Arm has announced its next-generation CPU designs, which will probably hit the market in early 2022. With all-new cores, a new architecture, and the death of 32 bit, the new designs are proving to be among Arm’s biggest releases in some time. It looks like ARM has not published a post with this information, but you can’t ask for a better source than the pages of info at Anandtech.

Arm CPU designs include cores in three sizes: “little,” “big,” and “performance,” all of which tackle different workloads at various power-consumption levels. The follow-up to this year’s “performance” X1 core is the Cortex X2, the big core is the Cortex A710, and for the first time in four years, ARM is introducing a new “little” core for high-efficiency workloads, the Cortex A510. Devices will finally be rid of the smaller Cortex A55 cores that were introduced in 2017.

Naturally, everything is faster. ARM is promising a 16 percent faster X2 core compared to current-generation X1-based chips, a 10 percent faster and 30 percent more efficient “big” core, and a 35 percent faster and 20 percent more efficient “little” core. Every core design is also seeing a 2-3x improvement in machine-learning performance, for whatever that’s worth. Put all those digits together and ARM says a CPU cluster with the typical phone layout (one Cortex X2, three A710s, and four A510s) should have 30 percent better peak performance and 30 percent better-sustained efficacy.

While the Cortex X1 and A710 are both based on the previous designs that go back to 2018 Cortex A76 cores, the smaller Cortex A510 is an entirely new design. ARM says this small core is within striking distance of the Cortex A73, the “big” CPU core in 2017 flagship smartphones. All three CPU designs use the new Armv9 architecture, which includes several security enhancements like the containerized “confidential compute architecture.”

Arm’s new CPUs continue the march toward the death of 32-bit. Google is doing its part on the Android side of things. Since August 2019, Google has required all app developers to ship 64-bit versions of apps on Google Play alongside 32-bit versions. In August 2021, the Play Store will stop serving 32-bit apps to phones and tablets. As for Arm’s new CPU designs, two of the three cores don’t support 32-bit code. Only the medium-size Cortex A710 core can run 32-bit code, so if you manage to find a 32-bit app and try to run it on one of these new X2-based phones, you’ll only be able to use the medium cores. This will be your last year for backward compatibility—Arm flagships are switching to all-64-bit in 2023.

Everyone wants to know if ARM’s CPU design department will attempt to answer Apple’s M1 chip, which tackles a laptop form factor that Arm previously hasn’t designed a class of chips for. Arm floated a possible M1 competitor: a chip design that features eight Cortex X2 CPUs instead of the mix of smaller chips. Arm is promising 40 percent better “peak single thread performance versus 2020 mainstream laptop silicon” with this design, but will anyone actually build it?

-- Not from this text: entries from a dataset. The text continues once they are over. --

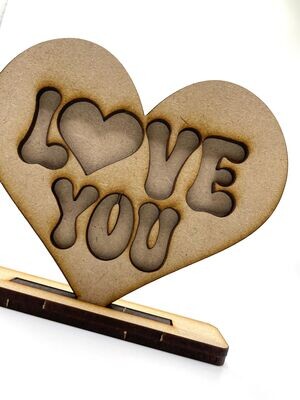 Stunning MDF Valentines Heart Ornament/Decoration keepsake gift with LOVE YOU. The perfect token for someone special this Valentines Day!
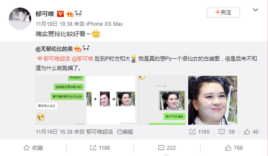 网易娱乐11月20日报道 11月19日,有粉丝在微博晒为郁可唯P古装仙女的照片,并配文称:“脸到P时方知大,我是真的想Ps一个很仙女的古装图,但是后来不知道为什么就跑偏了。 ”照片中,郁可唯的脸被P在了贾玲的脸上,结果粉丝还吐槽道:“贾玲好看”,另一位粉丝则自责的写道:“我对不起唯唯,我明明是想弄唯美古装的,为什么会是这样?”
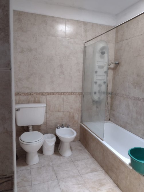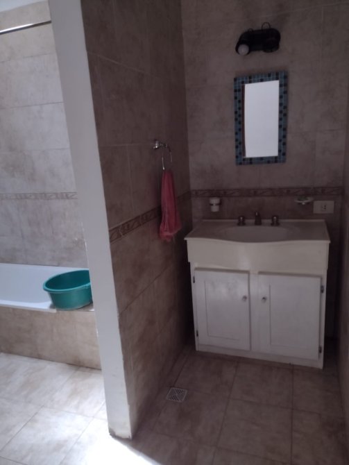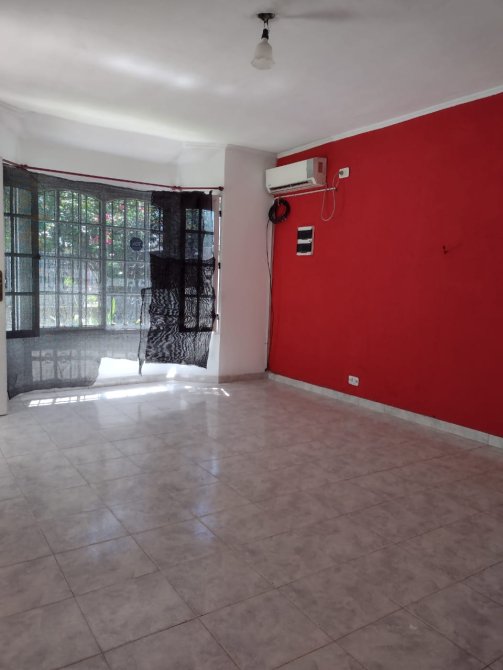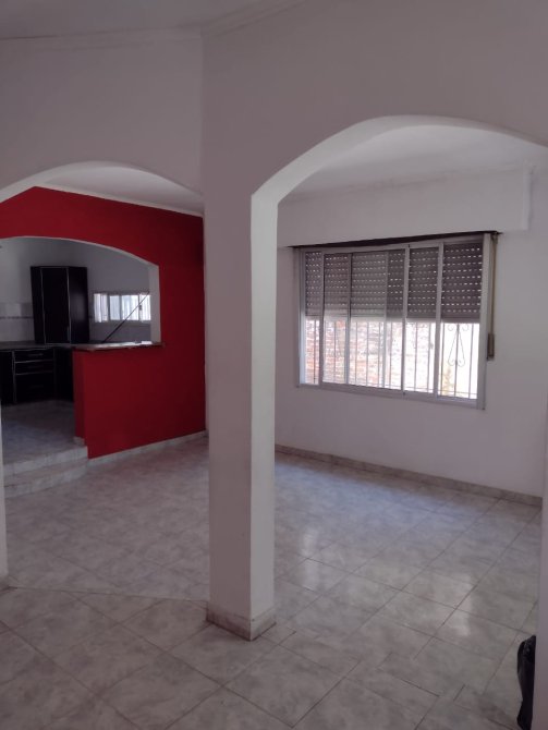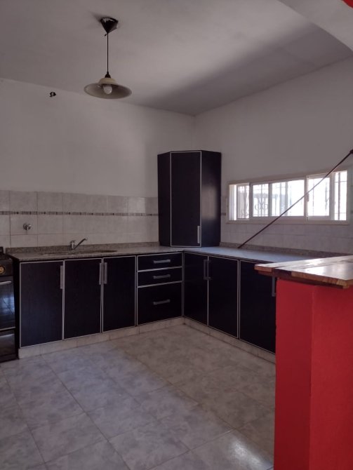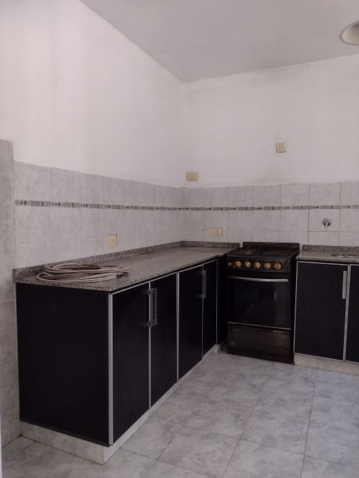 Cocina de 5x4 metros con muebles bajos y mesada de mármol.

Arm just designs CPU cores—the company isn’t announcing or shipping an actual product to end-users. For that, you’ll need to go through a mobile SoC manufacturer like Qualcomm, Samsung, or MediaTek, which should ship Cortex X2-based products in early 2022. All this info needs to be filtered through the customizations and actual implementations these companies make, which could differ from Arm’s estimates. Qualcomm is one of the biggest distributors of Arm CPU designs, but after this round of chips, Qualcomm will probably start using its own designs. The company bought chip-design firm Nuvia and announced plans to ship laptop chips designed in-house in the second half of 2022.